Statistic 2: Plate Discipline Against Average

This statistic will measure a batter’s plate discipline, comparing his swing decisions to swing probabilities.

year2_data <- all_data %>%
  filter(season == 2)# from Q1 script


# apply the derived variable calculations 
# 1. plate_z relative to sz_top / sz_bot

year2_data <- year2_data %>%
  mutate(plate_z_rel = plate_z - (sz_top + sz_bot) / 2) # location - middle

# 2. RHH / LHH dummy variable

year2_data <- year2_data %>%
  mutate(batter_r = ifelse(stand == "R", 1, 0)) # 0 if LHH

# 3. RHP / LHP dummy variable

year2_data <- year2_data %>%
  mutate(pitcher_r = ifelse(p_throws == "R", 1, 0)) # 0 if LHP

# 4. pitcher's usage rate of the pitch type in the count vs.
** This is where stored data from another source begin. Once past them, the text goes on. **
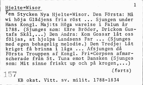 //// Hielte=Wisor //// MBHWMHMHMHMMMMMi //// Fem Stycken Nya Hjelte=Wisor. Den Första: Må wi höja Glädjens fria röst ... Sjungen under Hans Kongl. Maj:ts Höga warelse i Falun år 1788. (Sjunges som: Käre Bröder, Drickom Gustafs Skål,...) Den Andra: Kom Gossar låt oss följas, at hjelpa Landsens Far ... (Sjunges med egen behagelig melodie.) Den Tredje: Låt kriget få brinna i låga,... Afsjungen då Första Trouppen af Kongl. Fri=Corpsen afmarscherade från St. Tuna emot Dansken (Sjunges som: Mit sinne friskt up och på krogen,...) //// (forts) //// .1 o 7 //// KB okat. Vitt. sv. milit. 1788-1834 ////
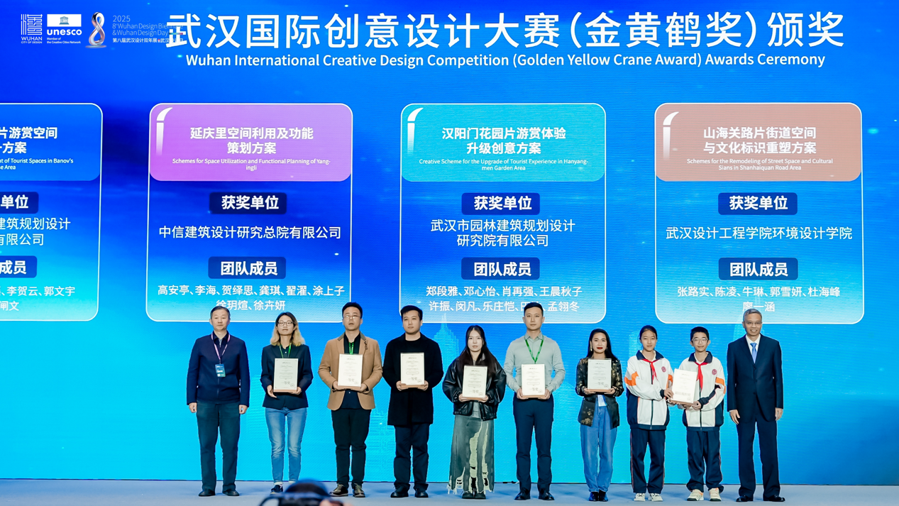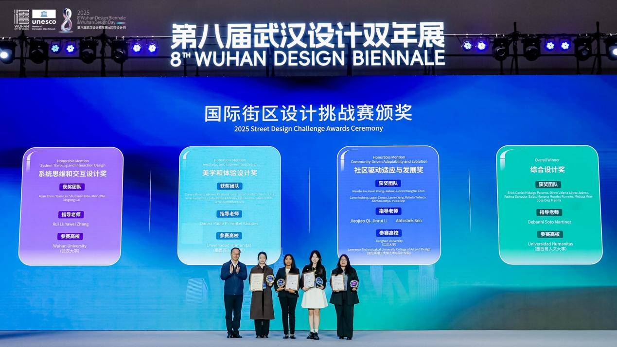 開(kāi)幕式上,2025年武漢國(guó)際創(chuàng)意設(shè)計(jì)大賽(金黃鶴獎(jiǎng))與 2025年國(guó)際街區(qū)挑戰(zhàn)賽頒獎(jiǎng)儀式同步舉行。其中,象征武漢設(shè)計(jì)創(chuàng)新探索的“金黃鶴獎(jiǎng)”,今年特意選取黃鶴樓、山海關(guān)路、漢陽(yáng)門等市民常去、關(guān)注度高、滿滿煙火氣的城市地標(biāo)作為設(shè)計(jì)對(duì)象,不限專業(yè)和地域,征集更宜人的更新提升方案?,F(xiàn)場(chǎng),武漢瑞拓建筑設(shè)計(jì)咨詢有限公司等6個(gè)專業(yè)組一等獎(jiǎng)和最佳組織獎(jiǎng)武漢市七一華源中學(xué)等獲獎(jiǎng)代表接受頒獎(jiǎng)。國(guó)際街區(qū)挑戰(zhàn)賽,則是由聯(lián)合國(guó)教科文組織設(shè)計(jì)之都城市聯(lián)合舉辦,全球高校團(tuán)隊(duì)共同參與的國(guó)際設(shè)計(jì)賽事。經(jīng)過(guò)全球30位權(quán)威專家1個(gè)月的精心細(xì)致評(píng)審,選出了四個(gè)優(yōu)勝方案?,F(xiàn)場(chǎng),為交互設(shè)計(jì)獎(jiǎng)獲獎(jiǎng)團(tuán)隊(duì)武漢大學(xué)、美學(xué)設(shè)計(jì)獎(jiǎng)獲獎(jiǎng)團(tuán)隊(duì)墨西哥人文大學(xué)、社區(qū)發(fā)展獎(jiǎng)獲獎(jiǎng)團(tuán)隊(duì)江漢大學(xué)團(tuán)隊(duì)和美國(guó)勞倫斯理工大學(xué)團(tuán)隊(duì),以及綜合設(shè)計(jì)獎(jiǎng)獲獎(jiǎng)團(tuán)隊(duì)墨西哥人文大學(xué)頒獎(jiǎng)。
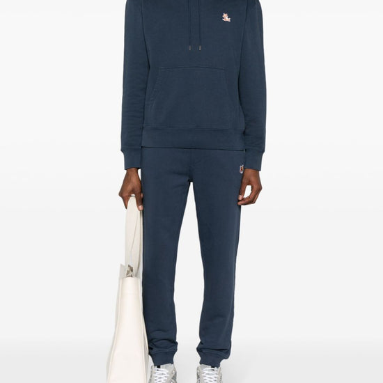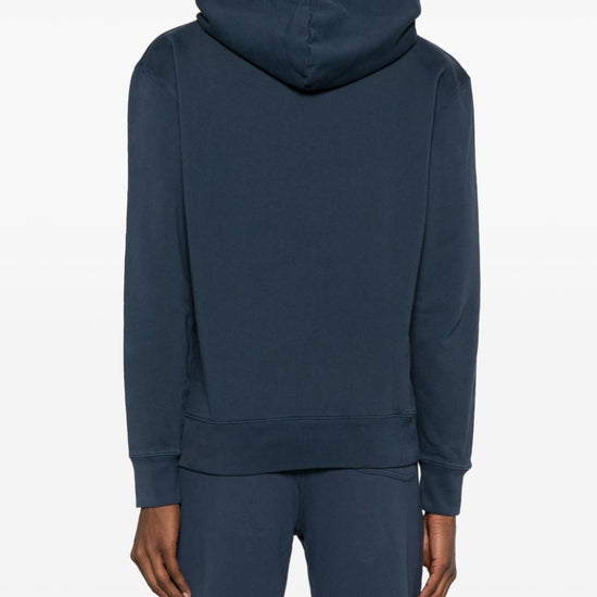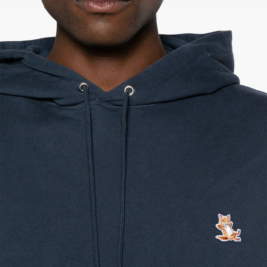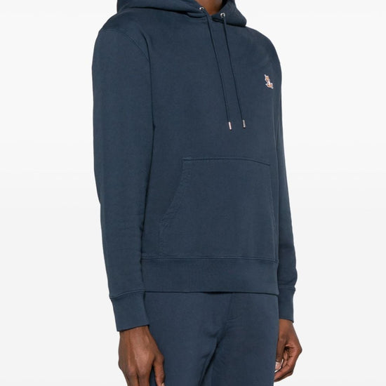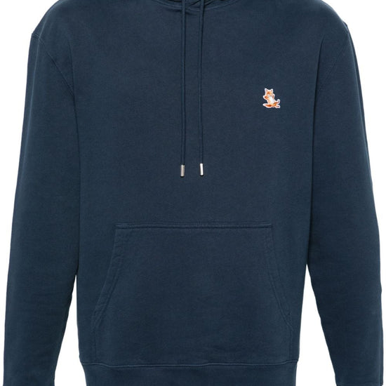 Indigo blue cotton knitted construction signature chillax fox motif drawstring hood long sleeves ribbed cuffs and hem front pouch pocket straight hem french terry lining chillax patch cotton hoodie size and fit - this piece fits true to size. we recommend you get your regular size. model is 1,84m / 6ft 1in wearing size m

RHH / LHH

year2_data <- year2_data %>%
  group_by(pitcher, batter_r, balls, strikes) %>%
  mutate(total_pitches = n()) %>% # temp column
  group_by(pitcher, batter_r, balls, strikes, pitch_type) %>%
  mutate(pitch_type_count = n()) %>% # temp column
  mutate(pitcher_pitch_usage = pitch_type_count / total_pitches) %>%
  select(-total_pitches, -pitch_type_count) %>% # remove temps
  ungroup()
 
# 5. Velocity difference between the pitch and the pitcher's most-used pitch

year2_data <- year2_data %>%
  left_join(year2_data %>% # sub query to get table of most-used pitch
                  group_by(pitcher, batter_r) %>%
                  mutate(total_pitches = n()) %>%
                  group_by(pitcher, batter_r, pitch_type) %>%
                  mutate(pitch_type_count = n()) %>%
                  mutate(pitcher_pitch_usage = pitch_type_count / total_pitches) %>%
                  group_by(pitcher, batter_r) %>%
                  mutate(most_used_pitch = pitch_type[which.max(pitcher_pitch_usage)]) %>%
                  filter(pitch_type == most_used_pitch) %>%
                  group_by(pitcher, batter_r) %>%
                  summarize(avg_velo_most_used = mean(release_speed)),
              
              by = c("pitcher", "batter_r")) %>%
  
  mutate(diff_velo_most_used = release_speed - avg_velo_most_used) %>%
  select(-avg_velo_most_used)
## `summarise()` has grouped output by 'pitcher'. You can override using the
## `.groups` argument.
dyear2 <- xgb.DMatrix(data = as.matrix(year2_data[,c(3,10:14, 19:23)]), 
                      label = year2_data$swing)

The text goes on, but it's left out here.